I can confirm that commenting out that part solves the segfault and BCEA passes the tests.

@Ben, please fix and submit a new version of rstan (see discussion below).

Thanks,
Simon



> On Nov 26, 2021, at 11:19 AM, Kevin Ushey <kevinushey using gmail.com> wrote:
> 
> That shouldn't be happening, at least not by default. However, RcppParallel does ship with tbbmalloc_proxy, which is a library that, when loaded, will overload the default allocators to use TBB's allocators instead. The intention is normally that these libraries would be loaded via e.g. LD_PRELOAD or something similar, since changing the allocator at runtime would cause these sorts of issues.
> 
> If I test with the following:
> 
> trace(dyn.load, quote({
>   if (grepl("tbbmalloc_proxy", x))
>     print(rlang::trace_back())
> }), print = FALSE)
> 
> devtools::test()
> 
> then I see:
> 
>   1. ├─base::load(test_path("data", "stanfit.RData")) at test-bcea.R:179:2
>   2. └─base::..getNamespace(`<chr>`, "stanfit")
>   3.   ├─base::tryCatch(...)
>   4.   │ └─base tryCatchList(expr, classes, parentenv, handlers)
>   5.   │   └─base tryCatchOne(expr, names, parentenv, handlers[[1L]])
>   6.   │     └─base doTryCatch(return(expr), name, parentenv, handler)
>   7.   └─base::loadNamespace(name)
>   8.     └─base runHook(".onLoad", env, package.lib, package)
>   9.       ├─base::tryCatch(fun(libname, pkgname), error = identity)

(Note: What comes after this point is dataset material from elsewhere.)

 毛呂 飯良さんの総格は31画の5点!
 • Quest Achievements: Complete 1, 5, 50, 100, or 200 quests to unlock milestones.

>  10.       │ └─base tryCatchList(expr, classes, parentenv, handlers)
>  11.       │   └─base tryCatchOne(expr, names, parentenv, handlers[[1L]])

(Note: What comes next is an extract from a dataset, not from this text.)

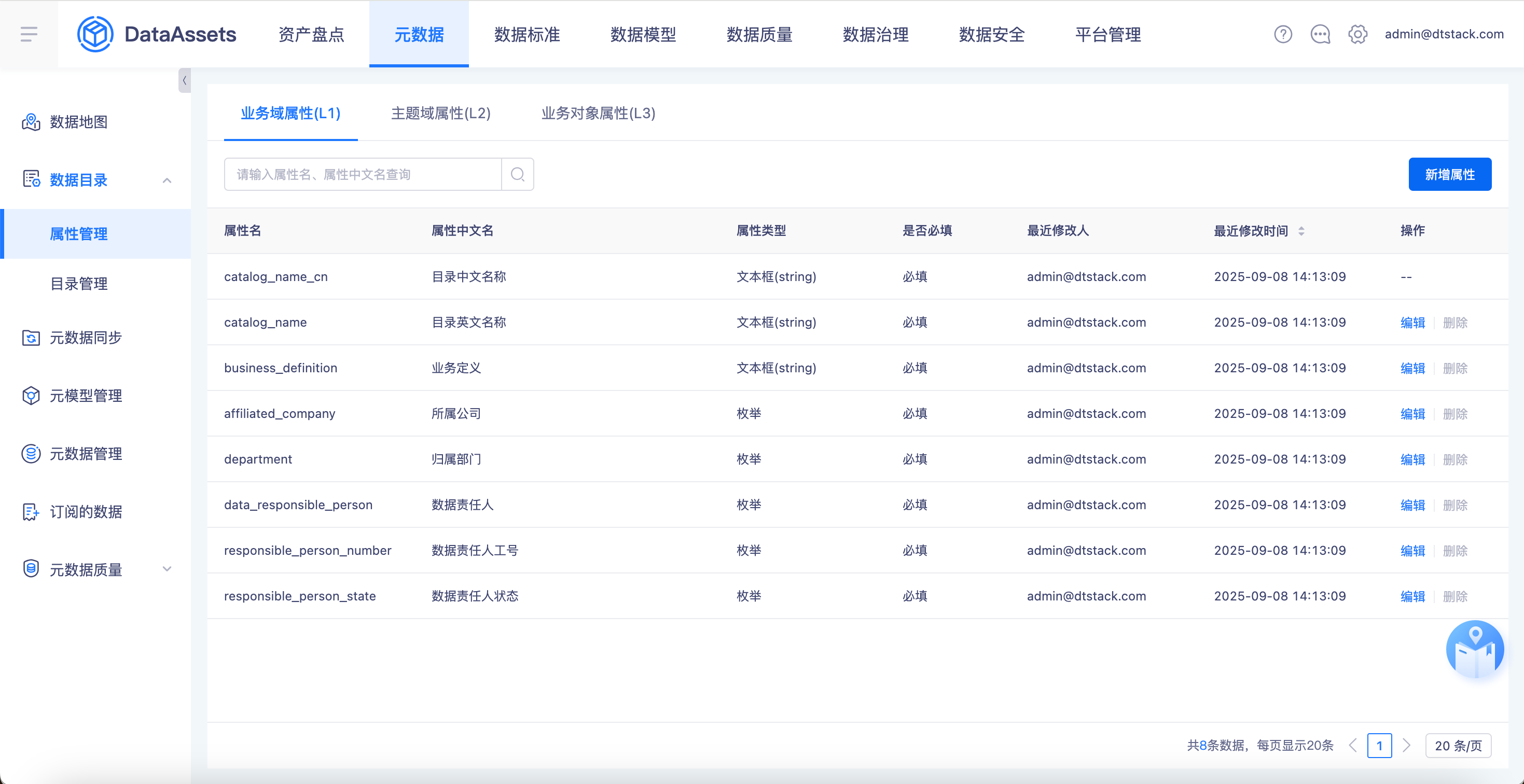 通过平台可定义每层目录的属性信息,实现目录信息的自定义管理。企业可根据自身业务要求设置不同层级目录需要维护的业务属性,例如业务域所属部门、业务域维护责任人等,支持设置每个属性的维护方式、是否必填,灵活控制目录属性。

>  12.       │     └─base doTryCatch(return(expr), name, parentenv, handler)
>  13.       └─rstan fun(libname, pkgname)
>  14.         └─base::dyn.load(tbbmalloc_proxy, local = FALSE, now = TRUE)
> 
> My guess is that the 'rstan' package is trying to forcefully load libtbbmalloc_proxy.dylib at runtime, and that's causing the issue. IMHO 'rstan' shouldn't be doing that, at least definitely not by default.
> 
> Best,
> Kevin
> 
> On Thu, Nov 25, 2021 at 12:54 PM Simon Urbanek <simon.urbanek using r-project.org> wrote:
> Nathan,
> 
> testthat is notorious for obfuscation and unhelpful output as can be clearly seen in the head of testthat.Rout.fail:
> 
> > library(testthat)
> > library(BCEA)
> 
> Attaching package: 'BCEA'
> 
> The following object is masked from 'package:graphics':
> 
>     contour
> 
> > 
> > test_check("BCEA")
> 
>  *** caught segfault ***
> address 0x10d492ffc, cause 'memory not mapped'
> 
> However this appears to be hard to debug, because it is a fall out from some memory corruption and/or allocator mistmatch: the crash happens in free() while doing GC (see below). Since it happens in the GC, many bad things happen afterwards.
> With some lldb magic I could trace that the crash happens during
>  ..getNamespace(c("Matrix", "1.3-3"), "stanfit")
>  load(test_path("data", "stanfit.RData"))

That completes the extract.